I sit today and as the many students of the present generation, at times I get annoyed reading his poetry. I get annoyed listening to his philosophies and I get fed up of the same portrait of him sitting and deliberating over the creation of Pakistan. Frustrated I exclaim, whatever! Did he even do anything else than dreaming?

Ironically, that’s how a massive majority of the present day students and youth like me assume Iqbal. Ignorant of the spirit behind his philosophies, impolite towards the reformation his poetry brought about among the dejected muslims of a toppled empire, we complain about our failures and seek answers in the philosophies and systems of the west unknowingly that our answers may be hidden somewhere amid Iqbal’s philosophies too. His beliefs and his poetry is the centre of global approbation and thus I decided to dig deep into his work and extract the vital idea of his writings; the theme of his deliberation and the reasons behind his revolutionary philosophy of “khudi”and “revolution”

Allama Iqbal’s philosophy of revolution has emerged from his dynamic concepts of God, universe, history, individual and society. Rejecting the metaphysics based on the static concepts of God, universe, history, individual and society, he made a re-statement of metaphysics which emphasized dynamism and activism.

He negated greek philosophies and contradicted them with arguments from the Qura’n. He emphasized that muslim philosophy focused on actions rather than ideas. By creating an organic relationship between religion and knowledge, and between thought and intuition and the latter’s highest stage of wahy, he leads on to accept the religious experience as a scientific way of acquiring knowledge, like other social sciences.
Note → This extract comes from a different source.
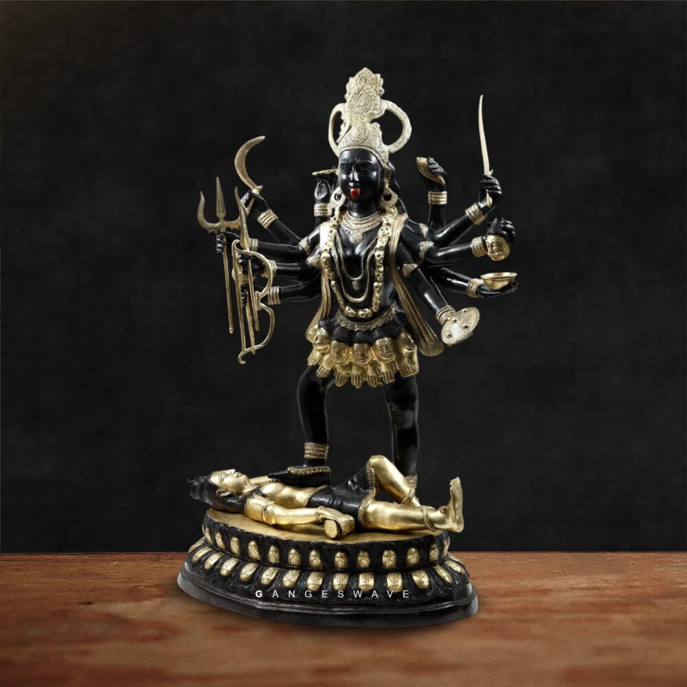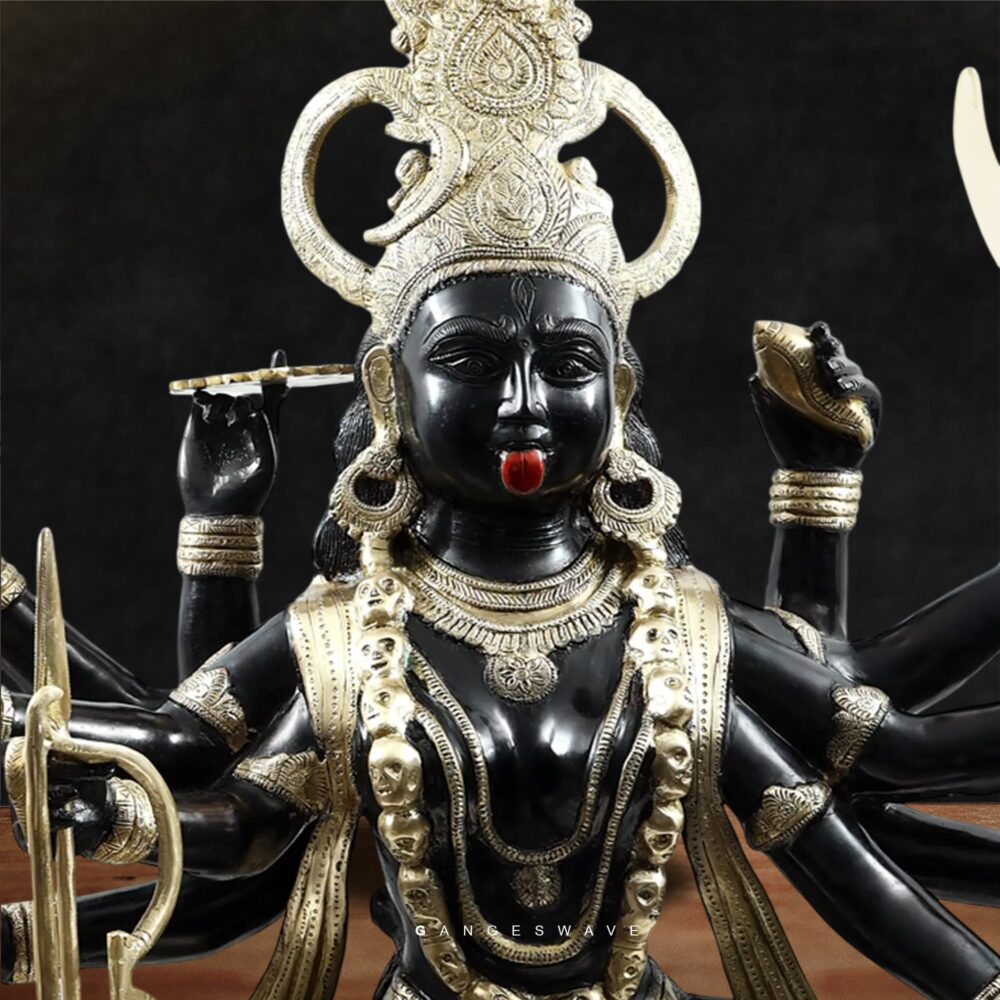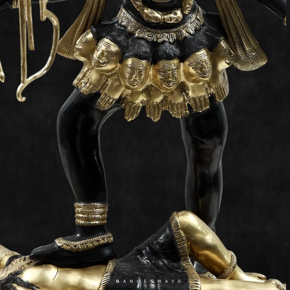 This majestic brass Kali Murti captures the fierce yet protective essence of Goddess Kali—destroyer of evil and mother of liberation. Depicted in dynamic black and antique gold tones, she stands triumphantly over Shiva, symbolizing the triumph of divine power over ego. Handcrafted using traditional sand-casting techniques by skilled Indian artisans, this statue reflects unmatched precision and devotion. Ideal for spiritual altars, statement décor, or as a powerful Vastu gift, it radiates fierce protection and transformative energy in any space. A treasured piece for festivals, pujas, or as a centerpiece in luxury interiors.

It was the graft of this very revolution in Iqbal’s thought which endowed his homeland with the concept of Pakistan and procured the excellent leadership of Quaid-i-Azam.

Iqbal’s metaphysics is based on “Absolute Existence” or the dynamic concept of God. Iqbal does not accept Aristotle’s concept of God being “The Unmoved Mover”. Aristotle thought that God can be adjudged as the source of all movement only by being considered “The Unmoved Mover”. According to him if God be considered as dynamic some other center for movement will have to be formulated, Hence, he hypothesized that God is the first cause of the long series of movements and changes, but is stationary Himself.
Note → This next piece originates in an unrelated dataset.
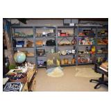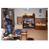 Wabash Colonial style Bookshelf/Dresser, Folding Table, Pillows & Bedding, Office Swivel Chair, Tray Tables, Vintage Bpard Games, Vintage Books, Vintage Toys, Desk, Globe, Russell Wright Dishes, Vases, Wooden Salad Bowl Set, Typewriter, Carved Wooden Desk, Mid-century Modern Wioden Setving Sets, Huge Brandy Snifter, Mid- century Modern Coffee Table, Tools, Hand Tools, Planters, Hoover Vacuum, Tacks of Clothing. Pantry filled with Food, Huge Closet of Clothes, Assorted Cleansers, Wheelchair & Walker, Sewing Table, Step Ladders

Iqbal’s greatest work was all times was “Asrar-e-Khudi” translated by Professor RA Nicholson as “Secrets of Self”. The book focused on a try to understand self.

According to Iqbal man is the care-taker of all possibilities of life; The selfin an individual is speculative and also possesses a sharp insight that sees the whole. It sees not merely the observable part of an object but the whole of itthere are signs of God’s existence everywhere in the universe even in man himself. God says to us: “on earth and in yourselves, there are signs for firm believers. Can you not see?” Your real existence is your own self. If you want to understand God you have to understand your self first. To understand and then awaken your self  you have to pass through strenuous stages; and the most difficult task for you is to fight against yourself. Although it looks odd to fight against one’s own self, this fight is actually self control, for which Iqbal says: ‘Self control in individuals builds families; in countries, it builds empires.’

The self is not a ghost in you but it is you in real, it is your very existence, of which you are unaware. Your awareness about yourself is the discovery of selfin you, and for that purpose you have to undergo a long fight against external forces. These external forces determine your actions as long as you are unaware of the power of your self.

Once you are free of the grip of external forces you are the master of your destiny. There are different methods of achieving this including meditations and prayers

The two philosophies of revolution and secret of self paved pathwat for a new school of thought. He was a philosopher and a reformer. He provided a new school of thought to the misguided and dejected Muslims of the subcontinent seeking independence. He managed to provoke thinking in a new dimension. He incited ego, inflated the value of self and enhanced the personal respect of individuals. He was Iqbal, the poet of the east.